Go further, Microsoft’s new AI imitates human voices in 3 seconds

Since ChatGPT was born, it has become so smart that many programmers are worried that it will take their jobs.

Now, there is even more worrying news… When a team of researchers at Microsoft revealed a new AI that can accurately mimic human voices from audio samples that are only three seconds long.. Ahh.. Just 3 seconds, will you be good at it?

Microsoft’s voice-generating AI tool, Vall-E, has received 60,000 hours of speech training, much of which comes from LibriVox’s public audiobooks.

Vall-E is built on a technology called EnCodec. It works by analyzing a person’s voice. Divide the information into components. and use the experience gained from training to synthesize that How will it sound if you are speaking different phrases?

Even after hearing a sample of just three seconds, the Vall-E reproduces the speaker’s timbre and expressive tone very accurately.
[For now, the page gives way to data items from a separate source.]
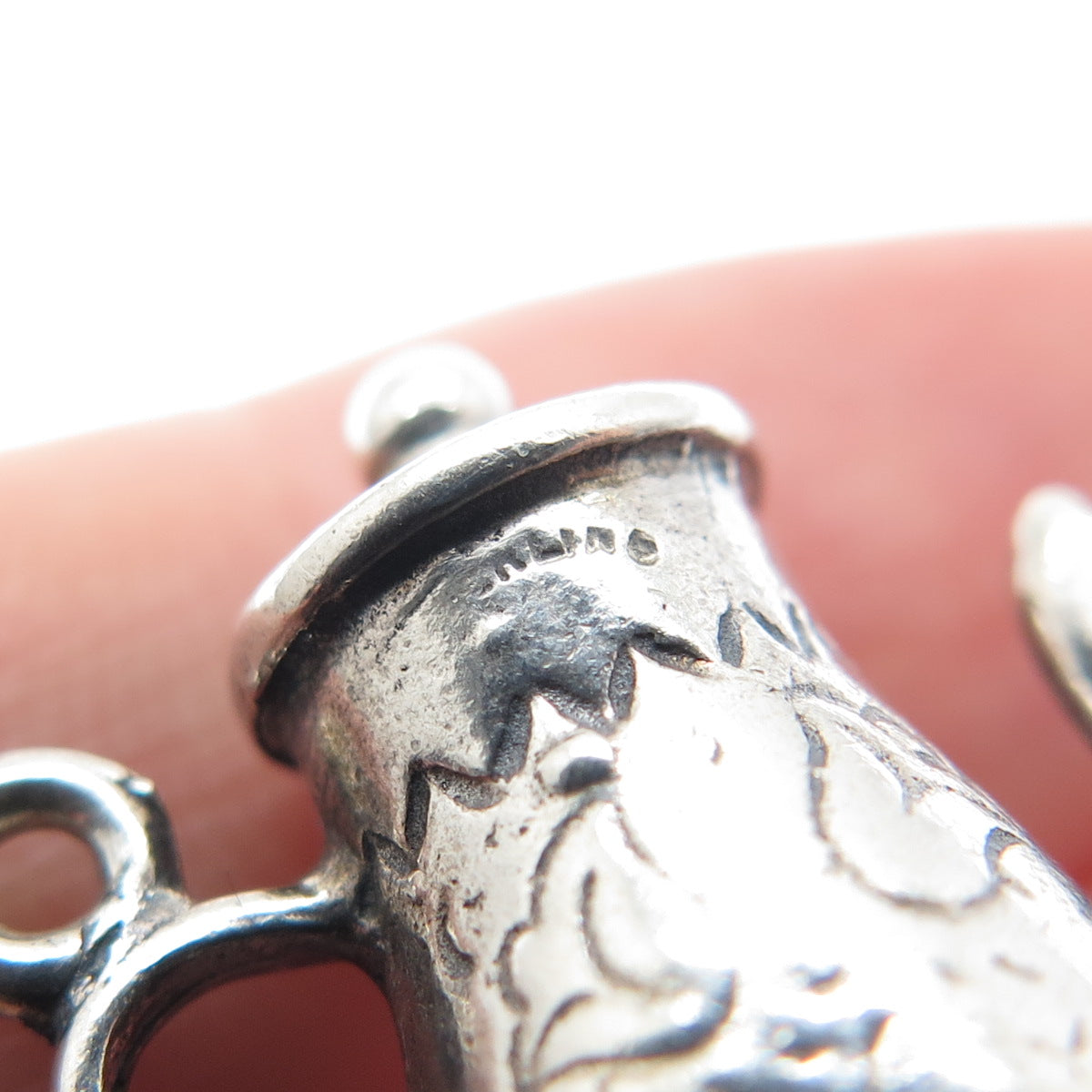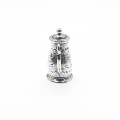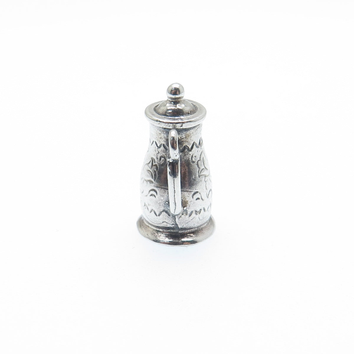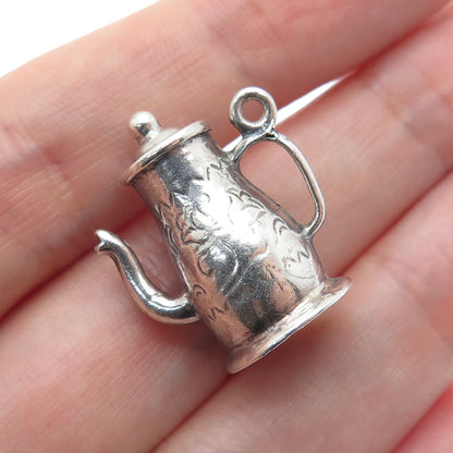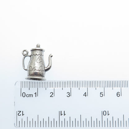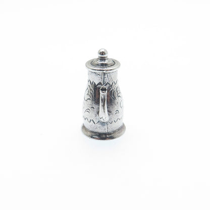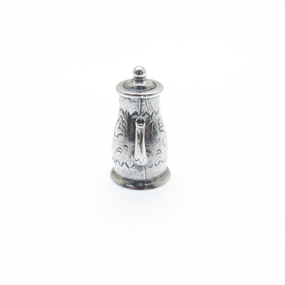 925 Sterling Silver Vintage Coffeepot Oxidized Minimalist 3D Charm Pendant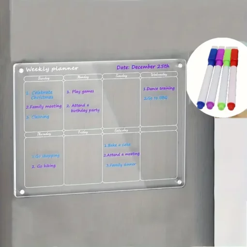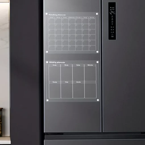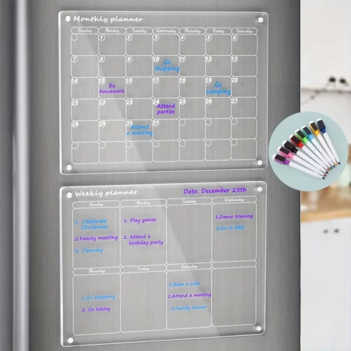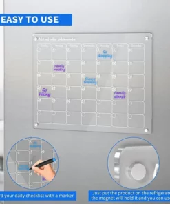 • The acrylic fridge magnetic calendar is a product designed for you to plan your daily life, the stylish clear acrylic magnetic calendar panel and memo set allows you to write more.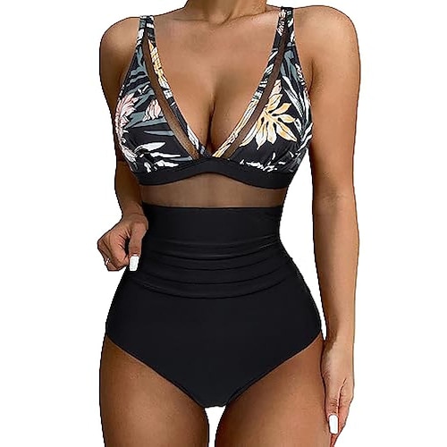Per donna Costumi da bagno Intero Monokini Costume da bagno Rete Controllo della Pancia Vita alta Snello Senza schiena Vacanza Abbigliamento da Spiaggia Blocco di colori Senza Maniche Costumi da bagno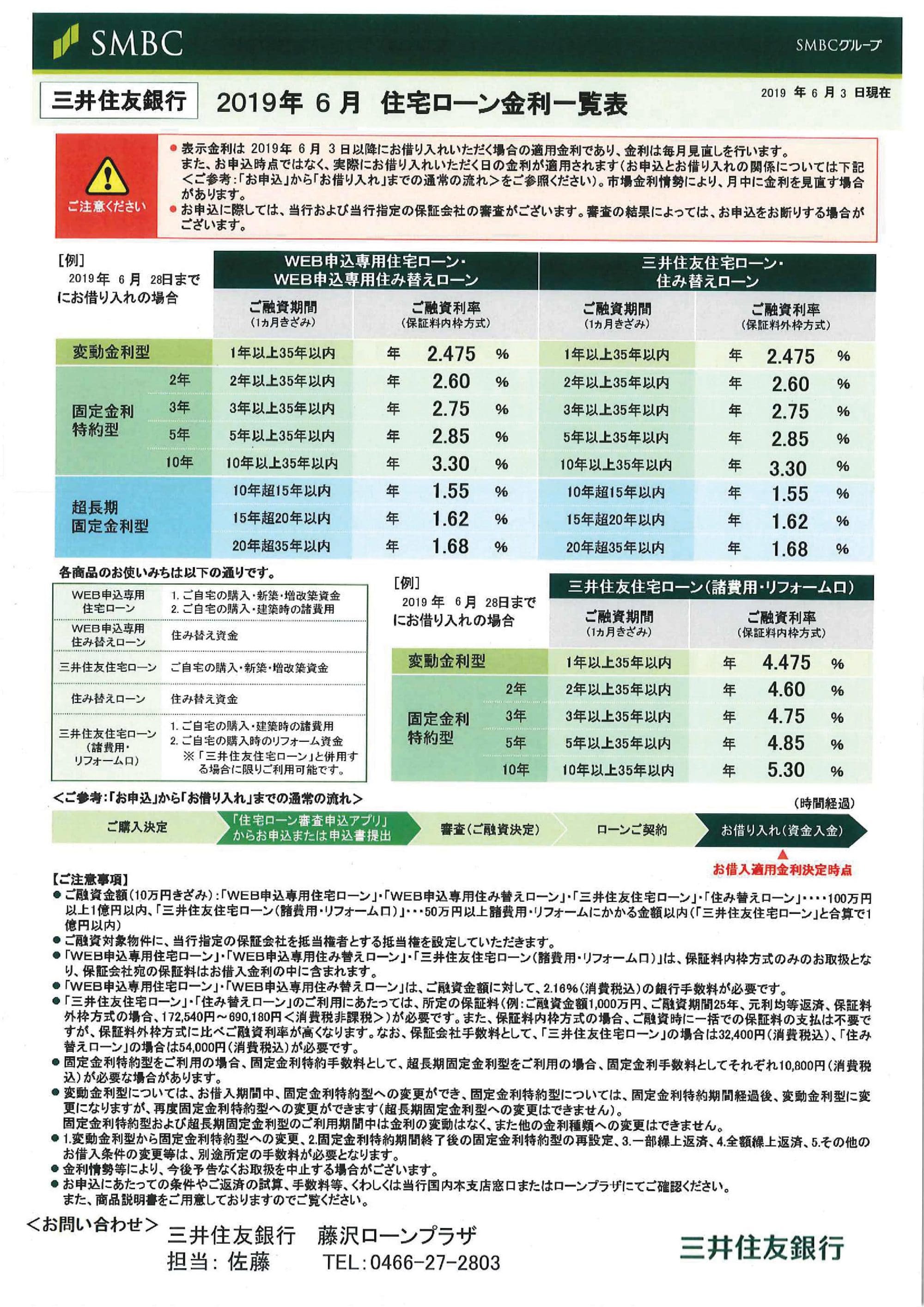 6月 三井住友銀行住宅ローン金利 こちらも長期下がりましたね↓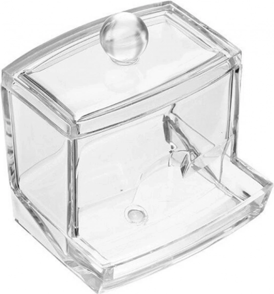 Udržte svou koupelnu přehlednou a hygienickou. Tento kompaktní dávkovač na vatové tyčinky je vyroben z kvalitního, netoxického akrylu PMMA, který je odolný proti poškrábání a snadno se čistí. Průhledné provedení umožní okamžitou kontrolu stavu zásoby.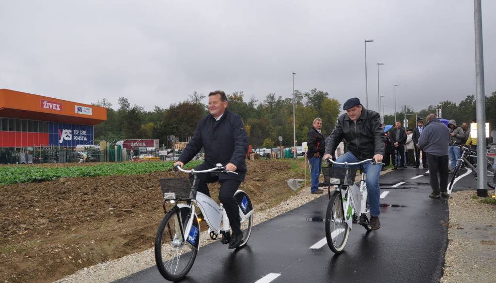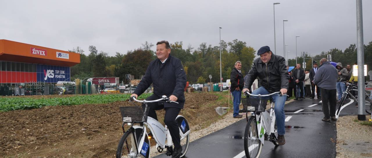 Po prerezu traka sta se oba predstavnika zapeljala s kolesi po novi kolesarski stezi.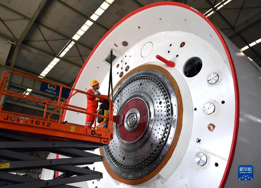 工人在位于河南省鄭州市的中鐵工程裝備集團(tuán)盾構(gòu)機(jī)總裝車(chē)間作業(yè)(2020年3月18日攝)。新華社記者 李嘉南 攝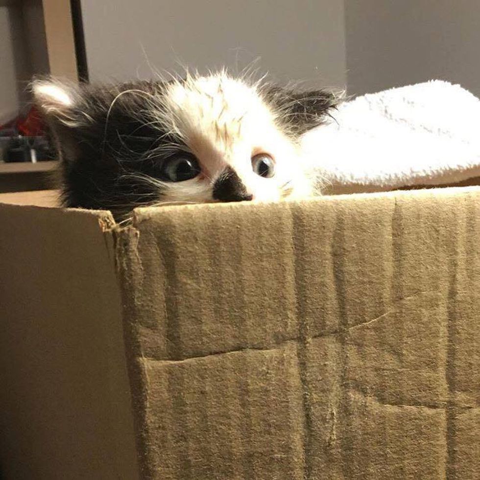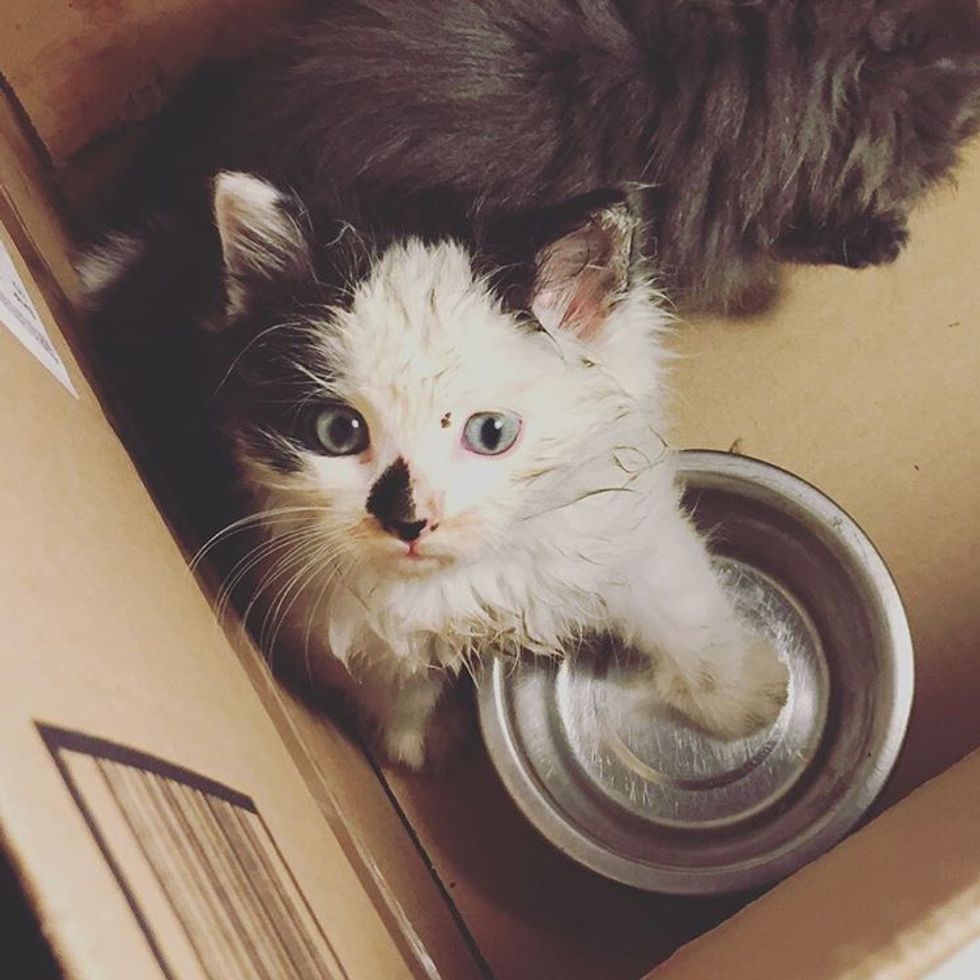 Hank took the two tiny furballs home for the night and the next day they went on their first trip to the vet. "The vet said it appears that their mother abandoned them a while ago since they were dirty and not groomed at all," Hank told Love Meow.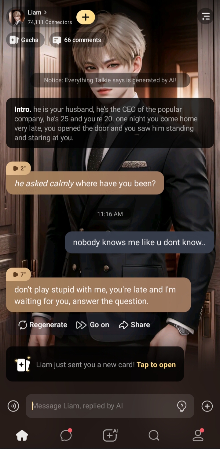 he shakes his head, "no, it's not like that, I swear."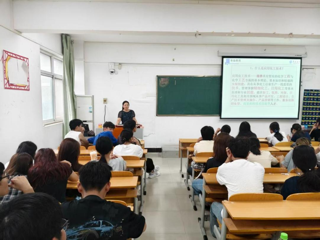 9月11日上午,材料与化学工程学院在3号楼204教室举行2025级应用化工技术专业新生欢迎会曁专业教育。应用化工技术专业教研室主任刘双枝教授和世界职业院校技能大赛全国总决赛化工技术赛道金牌教练胡海霞老师参加专业教育活动。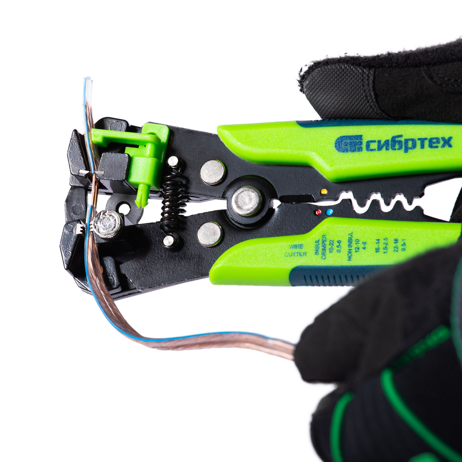 Щипцы Сибртех 17734 рассчитаны на зачистку и снятие изоляции с электропроводов, а также они имеют кусачки для обрезания кабеля. Инструмент станет незаменимым помощником в квартире, гараже, на даче, производстве, строительной площадке во время выполнения электромонтажных работ.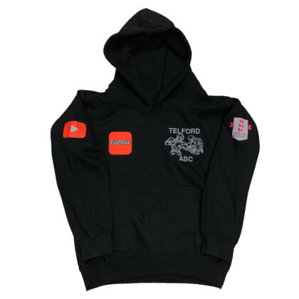This Telford ABC AWDis Childrens Pullover Hoodie comes branded with the Telford ABC logo embroidered to the left breast and Fit2Box logo printed right breast along wit the Youtube and England Boxing logo to sleeve. The reverse of the t-shirt is printed with a big Telford ABC logo.… Read More

In testing, Vall-E outperforms state-of-the-art zero-shot TTS systems. [AI ที่สร้างเสียงที่ตัวมันก็ไม่เคยได้ยิน] in terms of the naturalness of the voice and the likeness of the speaker

If anyone wants to try listening to the sound that Vall-E reproduces, check out the demo at GitHub’s website > https://valle-demo.github.io/

data source
techspot

Leave a Comment

This site uses Akismet to reduce spam. Learn how your comment data is processed.